Ох, кажется, я сейчас растворюсь.
Стоп, но ведь это же неправда?
У нас с Войной было множество моментов, гораздо более ярких, чем этот. Мои щеки начинают пылать, в животе что-то сжимается. И даже прямо сейчас, несмотря на всю усталость, я охотно испытала бы живительный оргазм.
Наклонившись вперед, обхватываю ноги руками и, повернув голову, прижимаюсь к коленям щекой. Это так приятно, глаза закрываются сами собой. Слышу, как Война, присев рядом с лоханью, что-то опускает в воду. В следующий момент ощущаю прикосновение влажной ткани к моей спине. Я открываю глаза.
– Что ты делаешь?
– Мою свою жену.
Моя спина напрягается. Мы вступаем на неизведанную территорию. Я уже привыкла к его прикосновениям, связанным с сексом и исцелением. Но позволить Всаднику мыть себя – иной вид близости.

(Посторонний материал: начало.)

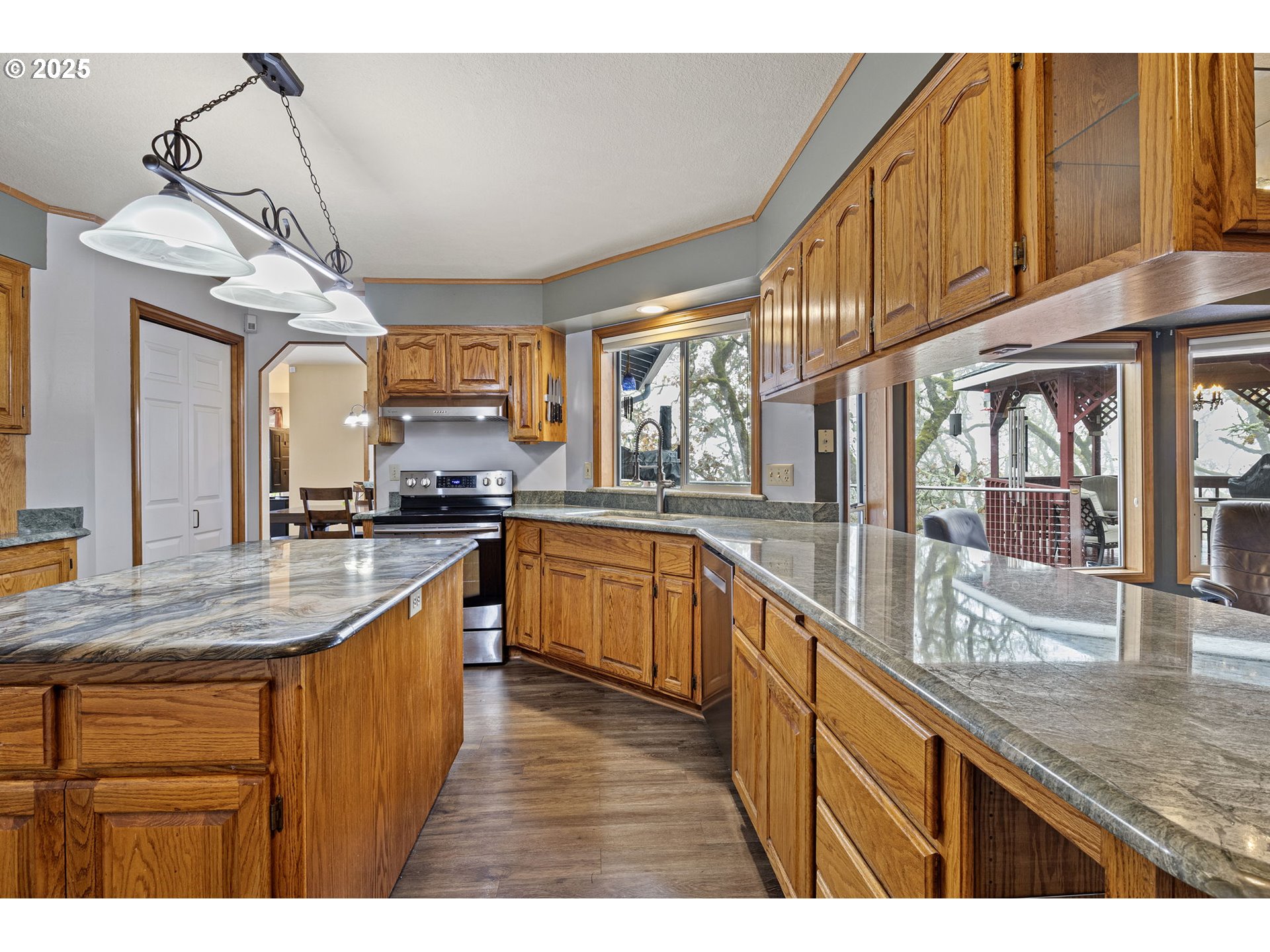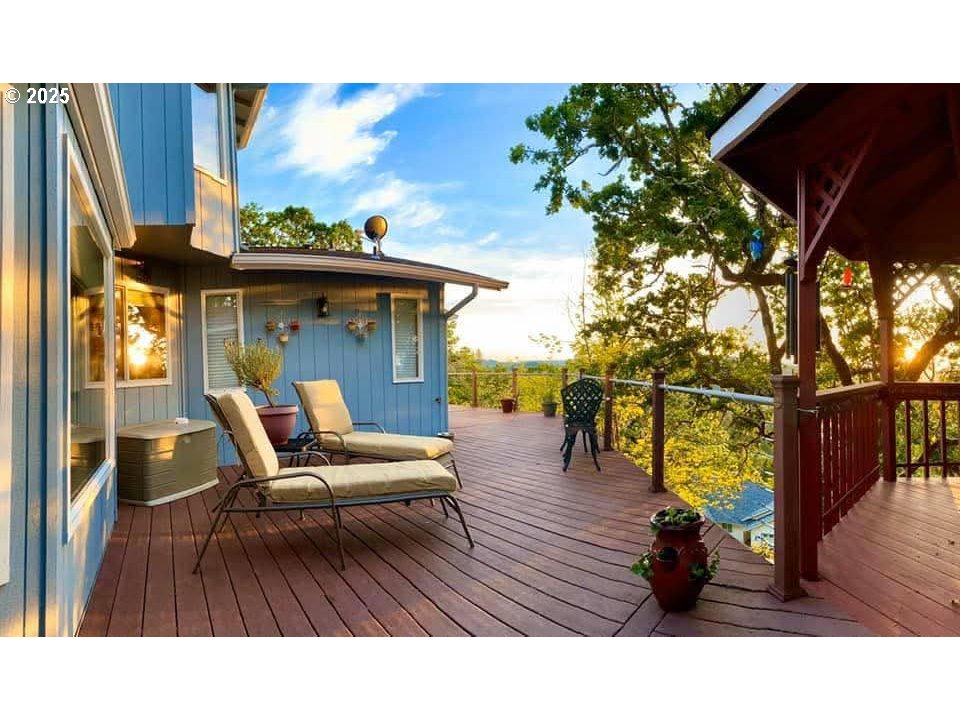 (503) 893-8874Tucked in a serene neighborhood, this home offers an “out-of-town” feel while just a few minutes from Roseburg’s shops and dining. Main level features a living room, dining room, family room, large laundry room with a sink, a full bathroom, and half bathroom. Step outside onto the balcony to enjoy the stunning views, equipped for rain or shine with the attached covered gazebo. The kitchen has custom granite countertops with a large island, as well as a coffee bar. Upstairs, the large primary suite features a walk in closet, a purse closet, bathroom, and views of the valley. Downstairs is another full bathroom, 2 bedrooms, and access to under the house storage area. There's an attached three car garage, and a place for RV Parking! The low maintenance yard has stair access from the balcony. Outdoor living shines with a large Trex deck, gazebo, and hot tub, perfect for entertaining or unwinding as the sun sets. Established gardens with roses, rhododendrons, and grapes, along with regular visits from deer, turkeys, and songbirds, complete the picture of peaceful hillside living. Whether it’s summer sunsets over the valley, misty winter mornings with fog rolling through the hills, or dramatic storm light breaking through clouds, the views here feel like living in a painting. Make this dreamy home yours!
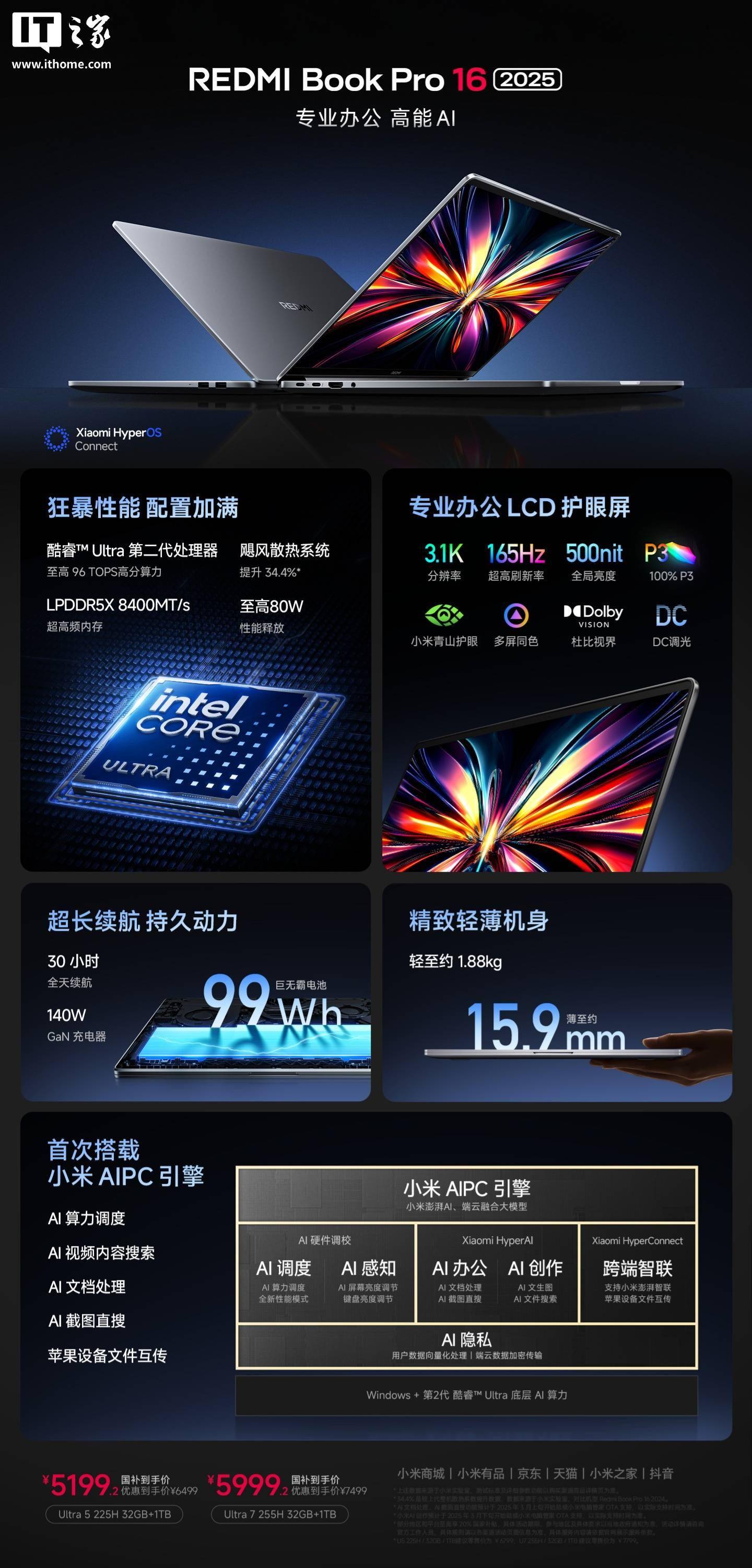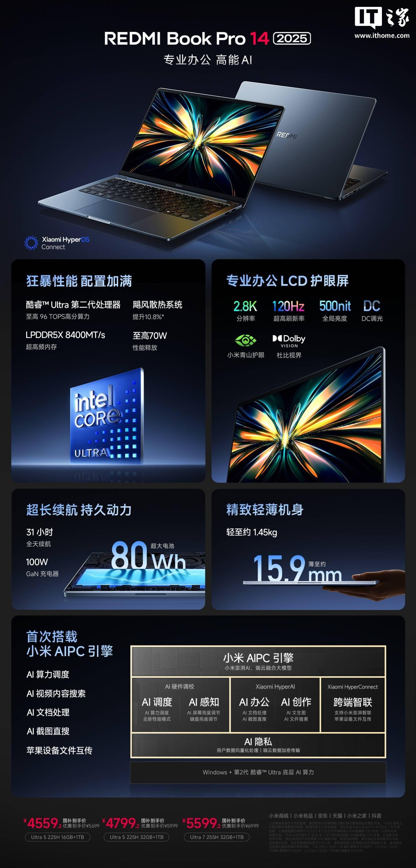据此前报道,在上月(2 月 27 日)的发布会上,小米推出了全新的 REDMI Book Pro 14 / 16 2025 笔记本电脑,首批搭载第二代英特尔酷睿 Ultra 处理器,首发价 5699 元起,叠加国补 4559.2 元起。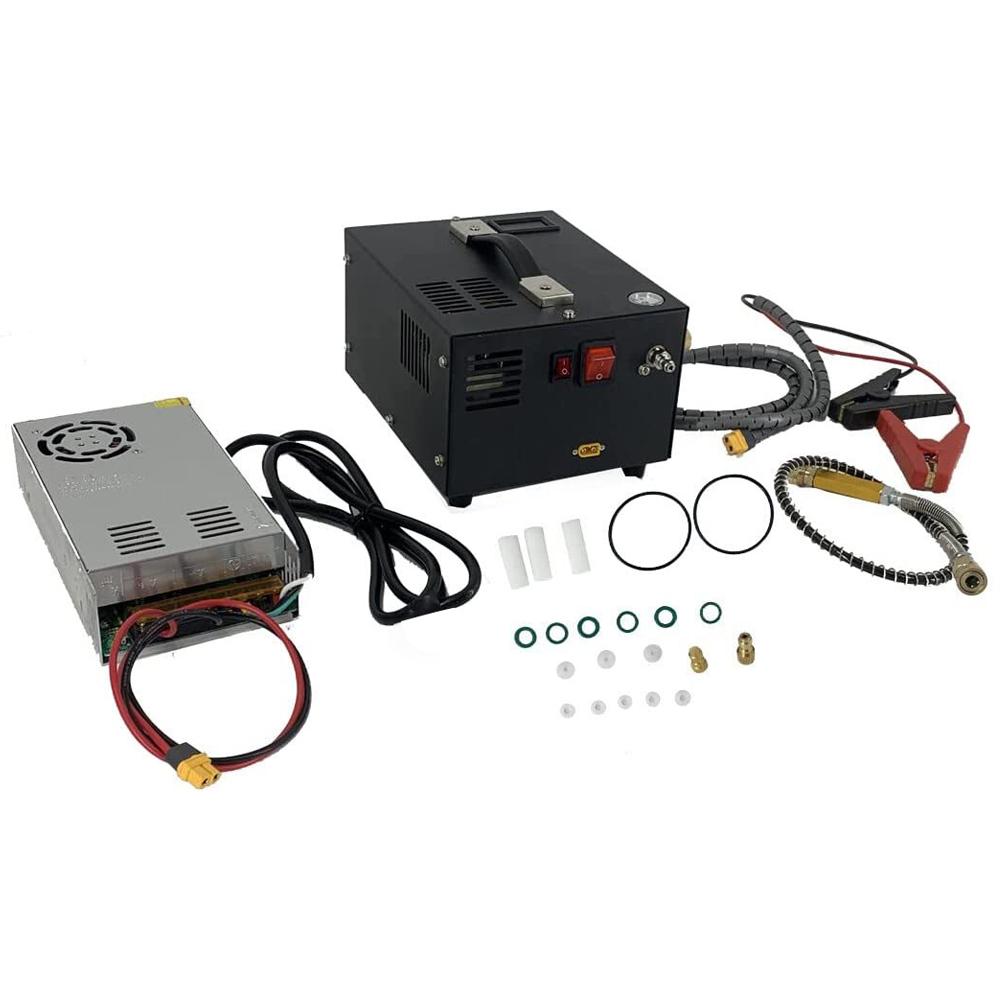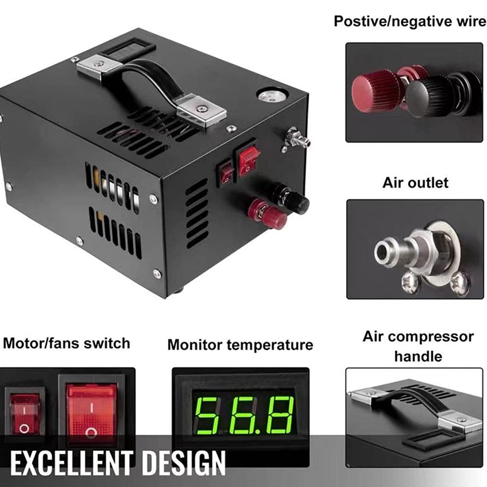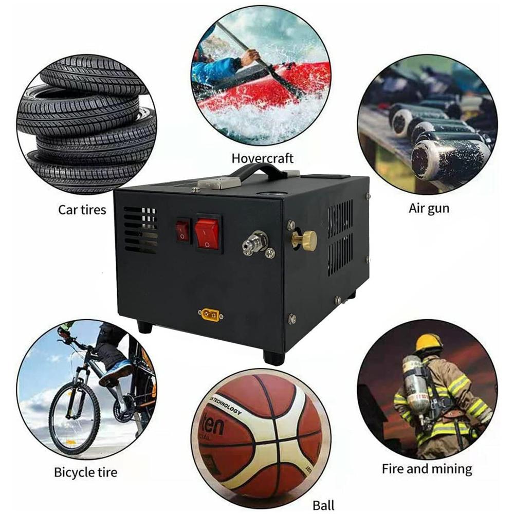 Это портативный воздушный компрессор, легкий вес, небольшой размер, удобный для переноски, рабочее давление 300 бар, 4500 фунтов на квадратный дюйм, 30 МПа, не содержит масла и воды, встроенная система охлаждения и слива вентилятора.. Он может питаться от силового кабеля напряжением 110 В и 220 В с трансформатором или от автомобильного силового кабеля.

Раньше я бы этому воспротивилась. Возможно, я просто слишком устала, или же для меня стало откровением то, сколько между нами еще невысказанного и несделанного. Как бы там ни было, я не сопротивляюсь.
– Ладно, давай, – киваю я.
Война не отвечает, но я чувствую, как он водит тряпицей вверх и вниз по моей спине, осторожно обходя рану на шее. Когда он окунает тряпку в лохань, вода становится красноватой.
Закончив с моей спиной, Всадник обходит лохань и начинает мыть мои руки, бережно и аккуратно стараясь промыть раны.
– Я был глупцом, – признается он.
Смотрю на него вопросительно.
– Ты больше не будешь участвовать в битвах, Мириам, – поясняет он.
Я замираю. Больше никаких битв? Как же тогда предупреждать людей? Наши глаза встречаются.
– Я не могу тебя потерять, – горячо говорит Всадник.
У меня перехватывает горло.
– Поверить не могу, что позволил себе думать, будто этого не может случиться, – добавляет он, глядя на мои раны. – Особенно после того, как на тебя напали. Я никогда не думал, что Он мог бы позволить…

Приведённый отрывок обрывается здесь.